When I start working with a team, one the first questions I ask is “how much time do you spend creating new features versus making sure those new features don’t break something else.” Put a different way, how much time is your development team spending creating new features versus worrying how those new features will affect an overly-complicated system.
The answer to this question will vary. At large enterprises, the average is 70% of developer’s time is spent on preventing breakage. I’ve had some organizations say as high as 90%. (As a manager or executive, I recommend you ask your team this question because most managers don’t know to ask this question or don’t know the answer to this question.)
There are obvious OPEX costs due to this time spent, but what about other savings? Often, overly-complicated systems make poor usage of system resources. Usually, these poorly used systems are the most expensive hardware- and software-wise, like a relational database or mainframe. I had one company that expected to save over $1,000,000 in hardware costs by reducing system complexity.
To fix these complexity issues, we have to pay down our technical debt. One common way to decrease system complexity is by using a messaging technology like Apache Pulsar and an architectural pattern called event sourcing. The event sourcing pattern solves problems where you’re having problems distributing knowledge to the applications that need it. For other problems, you might solve them with a messaging technology and another architectural pattern.
In enterprise systems, it’s all about knowledge. What just happened? How do I know when something happened? How will I know or by what means will I know that something happened? These are difficult, but worthwhile endeavors.
Let’s take a non-technical look at event sourcing and how it helps teams create less complex systems. For a more technical look at event sourcing, go here.
Let’s start off by looking at a simple web backend and relational database interaction.
Here, the website’s backend code had an event. Let’s say the user bought something. That knowledge of the user buying something is directly put into the relational database. This is how the vast majority of website systems are created.
Extending the System
The bigger or overarching issue starts happening as we start to add systems.
Let’s say that the marketing team creates a new application that analyzes orders. The app needs to know whenever someone orders. Since the web backend directly puts that knowledge in the relational database, the marketing application will have to constantly query or poll for new orders. Ideally, we’d prefer to be notified when an action happens, but that isn’t possible due to the system design.
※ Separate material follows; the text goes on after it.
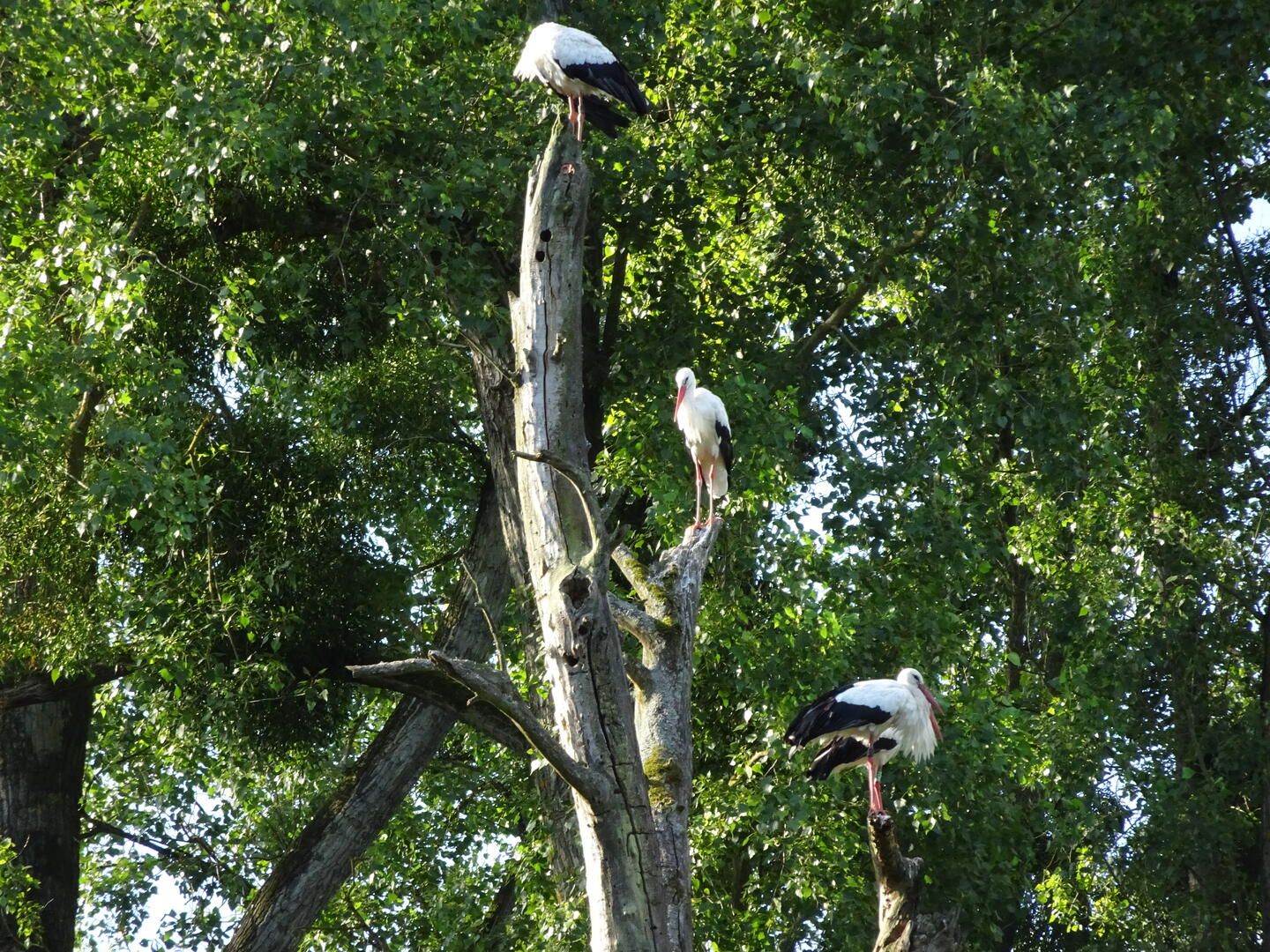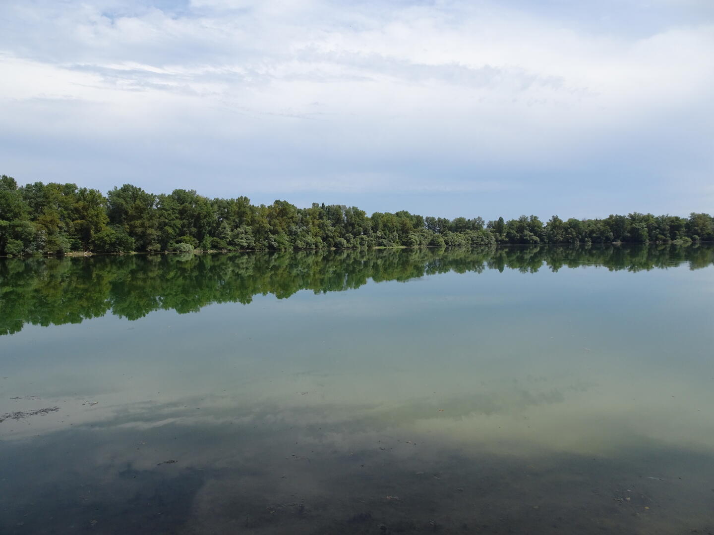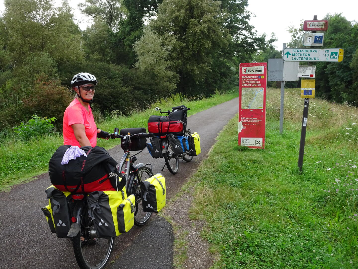 Wir hatten uns nach unserem Ruhetag am Sonntag gut vorbereitet und konnten schon um 7:10 Uhr losfahren. Nach wenigen Kilometern erreichten wir Germersheim, wo wir wieder auf unsere ursprünglich geplante Strecke trafen. Wir fuhren auf dem Hauptdeich des Rheins, sahen den Fluss aber selten, da die Rheinaue dicht mit hohen Bäumen und Büschen bewachsen ist. Gegen halb zehn verdunkelte sich der Himmel. Wir waren unsicher, ob wir uns unterstellen oder riskieren sollten, nass zu werden. Wir stellten uns bei einem Einkaufsmarkt unter und nutzen die Pause zu einem zweiten Frühstück mit einigen Brezeln. Die Entscheidung, weiterzufahren, erwies sich als richtig, denn es begann nur leicht zu regnen und wir hatten das Regengebiet verlassen, lange bevor wir durchnässt waren. Nach etwa 44 km erreichten wir die unspektakuläre Grenze nach Frankreich. Hier verläuft der Fahrradweg öfter abseits vom Autoverkehr durch ein Gebiet, was sich anscheinend weitgehend selbst überlassen wird. Wir sahen an einer Stelle 22 Störche, die sich vermutlich zum Flug in den Süden sammeln. Ein großer Schwarm Gänse hatte wahrscheinlich ähnliches vor und auch die Stare werden wohl bald aufbrechen. Nach etwa 95 km fanden wir ein gutes Hotel mit einem ausgezeichneten Restaurant. Von hier aus wollen wir morgen Straßburg besuchen.

The issue usually has to do with coupling. Coupling means how closely or strongly linked one system is to another. A strongly coupled system like this makes it really difficult add a new application that wants to know about other information. A loosely coupled system is one that isn’t directly dependent on another system for its knowledge. Loosely coupled systems often use event sourcing to allow applications to get that information or knowledge without having to worry about the downstream effect.
While simply adding the marketing application doesn’t look too terrible, it’s just the start of new complexity. With the blink of eye, you have 50 different applications all polling the database and trying to communicate with each other. This is when you hit 90% of your developers’ time trying not to break everyone else’s applications.
System Complexity and Its Direct Effects
When I work with organizations experiencing high system complexity and 90% of their developers’ time not creating value, I like to ask “would you like to double your developers’ productivity without hiring a single new developer?” They always say yes. By reducing system complexity by even a small amount, you can double developer productivity. Let’s imagine 90% of your developers’ time is going into complexity issues and not creating any value. If we were to reduce this by even a small amount – like 10% – we could double the developer productivity. Now, the developers are spending 20% of their time creating value and 80% on complexity.
How do we reduce the system complexity? We start to loosely couple our system.
As we see from the diagram, Pulsar is the center of our data movement. We’re using it as the way to move information and knowledge around the system. Now, when we add new applications, like our marketing application, they can be easily added. We won’t create a jumbled mess of applications trying to poll the database. All actions can be published as an event.
The Benefits of Event Sourcing
As long as the team adheres to best practices with Pulsar, we can have 50 different systems all being notified when a order happens. When modifying an existing consumer of data, we don’t have to worry about its secondary or tertiary effects. By not having to worry about these effects, the developers are spending their time creating value instead of worrying about how their changes affect others.
Moving to event sourcing is well worth the effort. Although I’ve focused on the developer productivity aspect, there are many other benefits. Your operational complexity will go down, resulting in higher uptimes. Your architectural complexity will go down and new hires can come up to speed faster. The list goes on.
If your team is suffering due to the complexity of a system, I highly encourage you to look at event sourcing and Apache Pulsar. They will give your team the tools it needs to get ahead and back to being productive.
Full disclosure: this post was supported by Streamlio. They are commercializing Apache Pulsar.